I know he should eat a fair bit of protein
really posting to bump this for you though0 -
He needs to eat more than his TDEE which depends on his overall activity levels as well as weight - workouts, activities of daily living including employment. Most men find it easiest to split the calories up over four to six meals, eating 3000 or more calories in two to three meals is tough.
Eating before workouts is relatively personal because some people find they get sick with very intense activity, others find they 'hit the wall' if they train on an empty stomach but ideally yes some protein and carbs. Afterwards the body can certainly (and does) refuel and repair with nutrients taken at a later point, but many find recovery is faster and even DOMS (soreness) is reduced if they eat consume some protein and carbs within an hour. This is particularly valuable for those who are hoping to train intensively the following day. For those who are eating six reasonably evenly spaced meals/ snacks per day they won't ever be eating too long before or too long after a workout anyway so may well not need to do anything 'special'.

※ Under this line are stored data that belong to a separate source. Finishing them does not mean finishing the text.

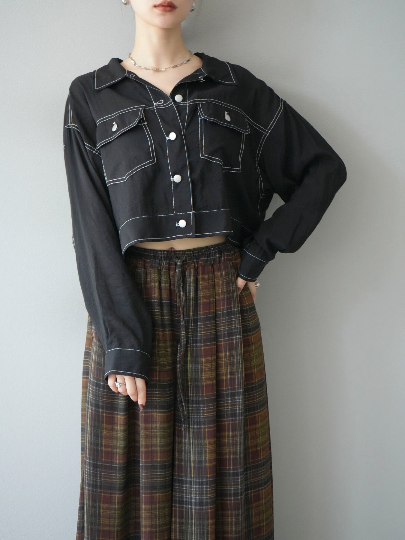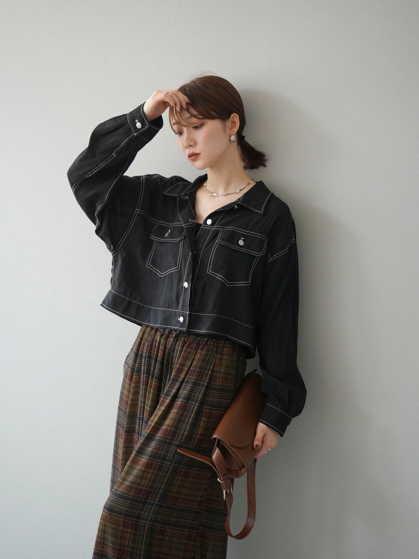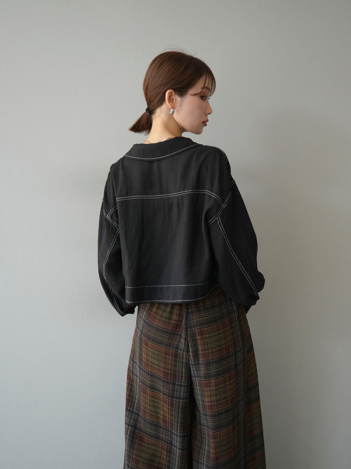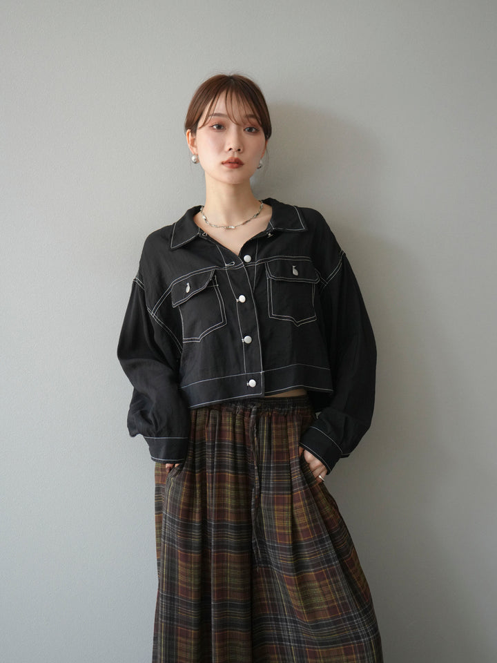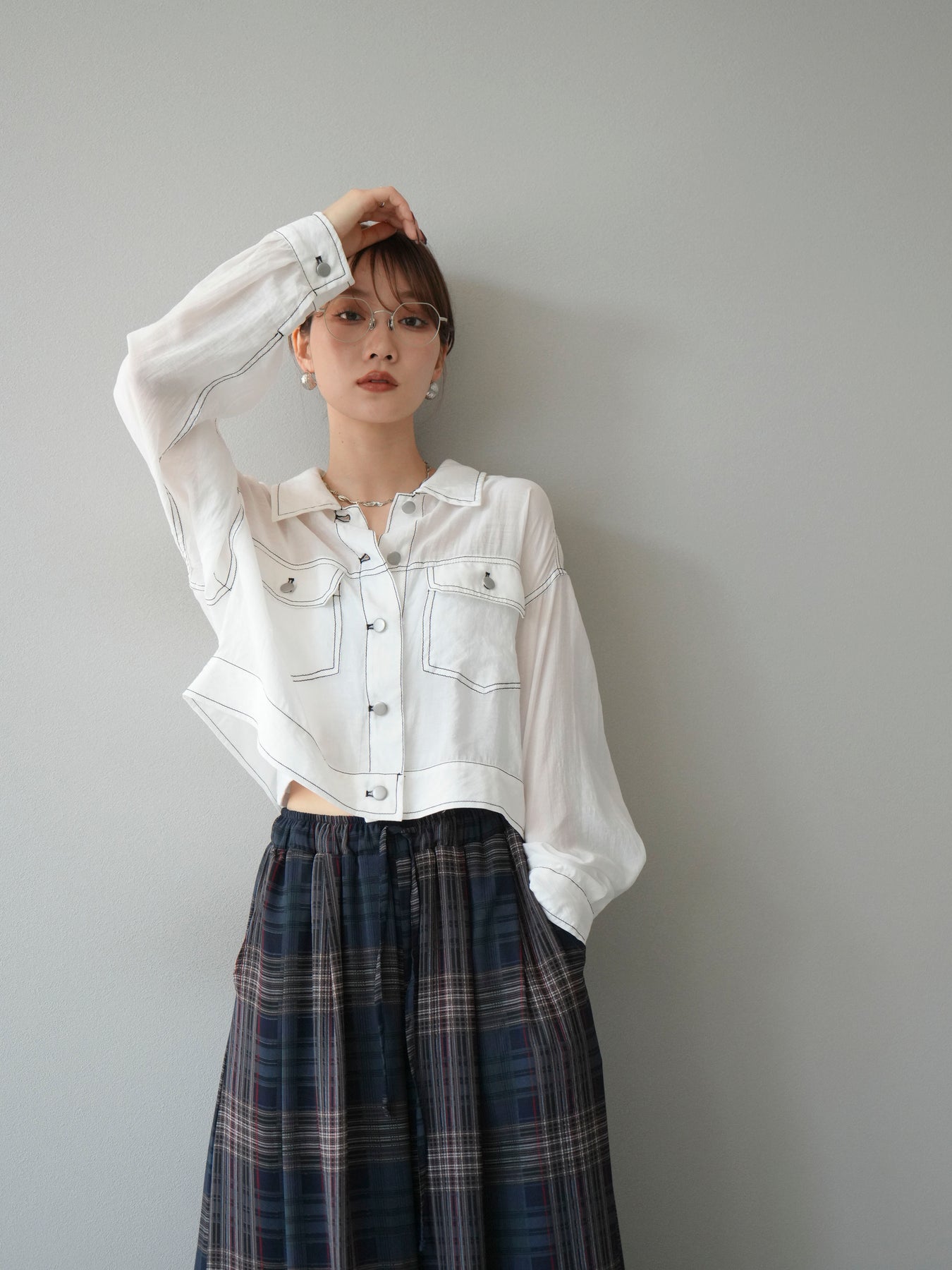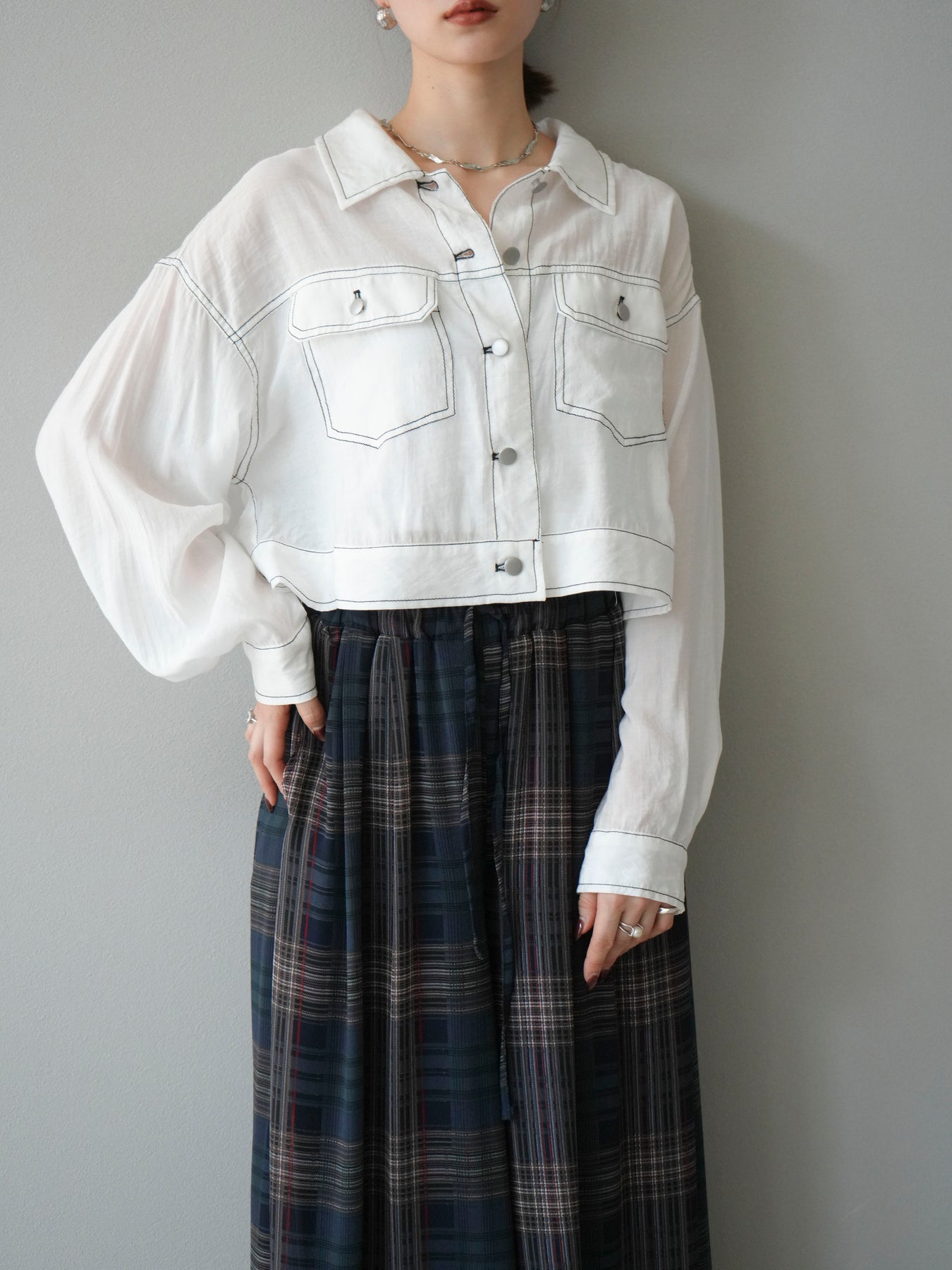 [SET]ステッチシアーショートジャケット+シアーチェックバギーパンツ(2set)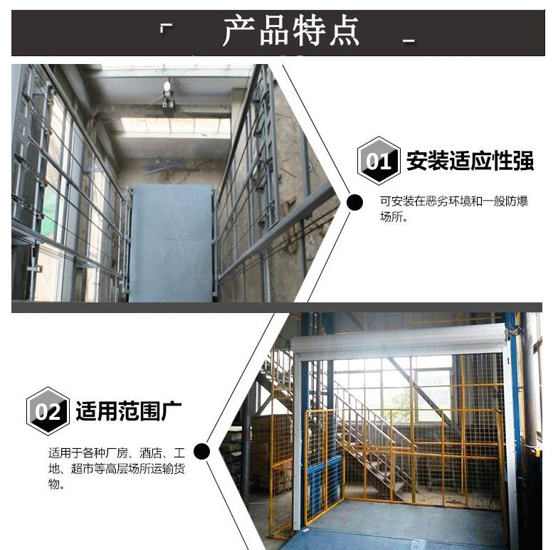 1、導(dǎo)軌式升降平臺(tái)負(fù)荷、載重通過(guò)油缸直接作用于基坑,井道強(qiáng)度要求低,磚結(jié)構(gòu)或磚混結(jié)構(gòu)井道即可;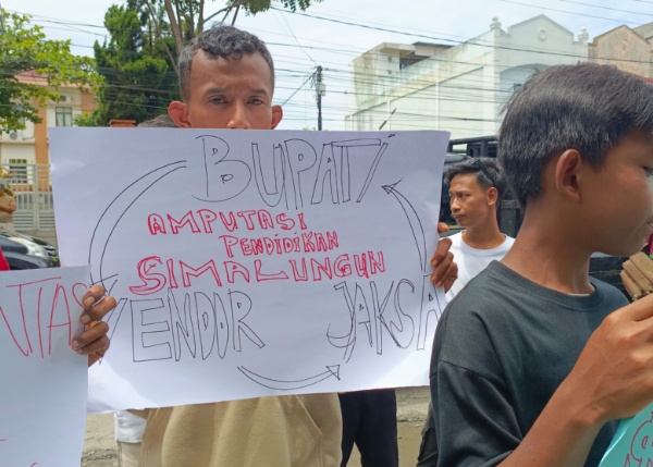 SIMALUNGUN (mimbarsumut.com) – Aksi unjuk rasa puluhan mahasiswa dan beberapa orangtua siswa/i yang tergabung dalam Gerakan Mahasiswa Merdeka Untuk Rakyat, Jumat (12/9/2025) di depan Kantor Kejaksaan Negeri Simalungun nyaris ricuh saat hendak menerobos gedung dengan membawakan isu ‘Pendidikan Kab. Simalungun Diamputasi’, ‘Jaksa Mandul segera tangkap dan adili Vendor’.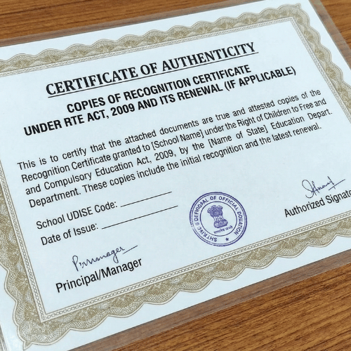 COPIES OF RECOGNITION CERTIFICATE UNDER RTE ACT. 2009. AND ITS RENEWAL F APPLICABLE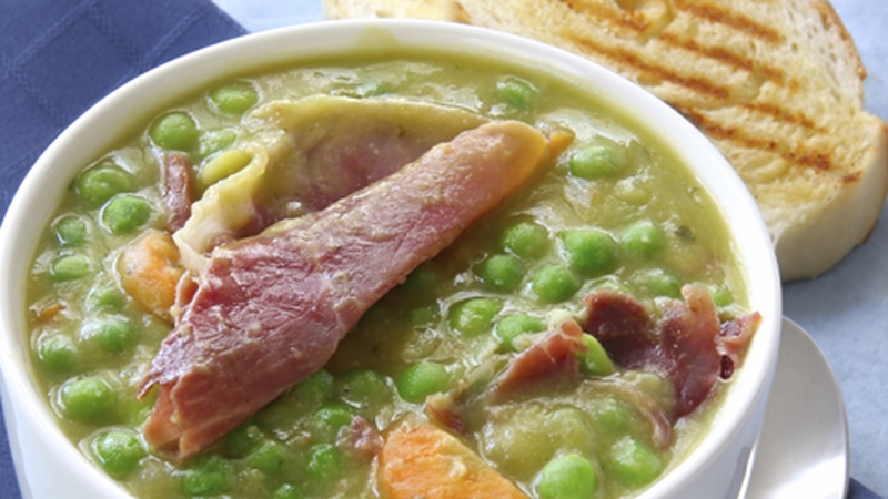 - Melt the butter in a large pot and cook the onion until soft. Add in the peas and the ham liquid and stir well.
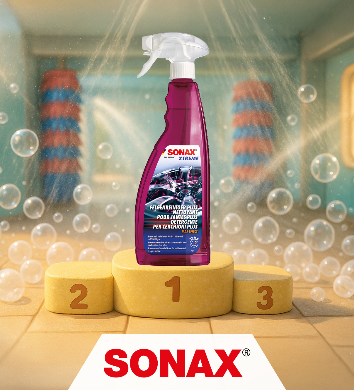 • Das Produkt von SONAX Chemie, der XTREME Felgenreiniger Plus (CHF 21.95), belegte den 1.Platz, dank seiner schnellen und effektiven Reinigungskraft, zudem auch in seiner Ausgewogenheit in allen Testkriterien.

Recommended macro splits vary, protein can be calculated on total body weight or on lean body weight, I have hypertrophy clients take up to a maximum of 2g per kilo of bodyweight initially. If you take too much you can end up with the excess converting to pricey carbs in the body, struggling to eat enough from other food groups so not getting all the nutrients the body needs.
Diet should be relatively standard healthy diet because you want overall optimal function including digestion, energy production, muscle, tendon and ligament repair - loads of fruit and vegetables, dairy products, protein at every meal and snack, oily fish daily or a high strength supplement, plenty of other healthy fats such as nuts and seeds, whole carbs such as beans and lentils.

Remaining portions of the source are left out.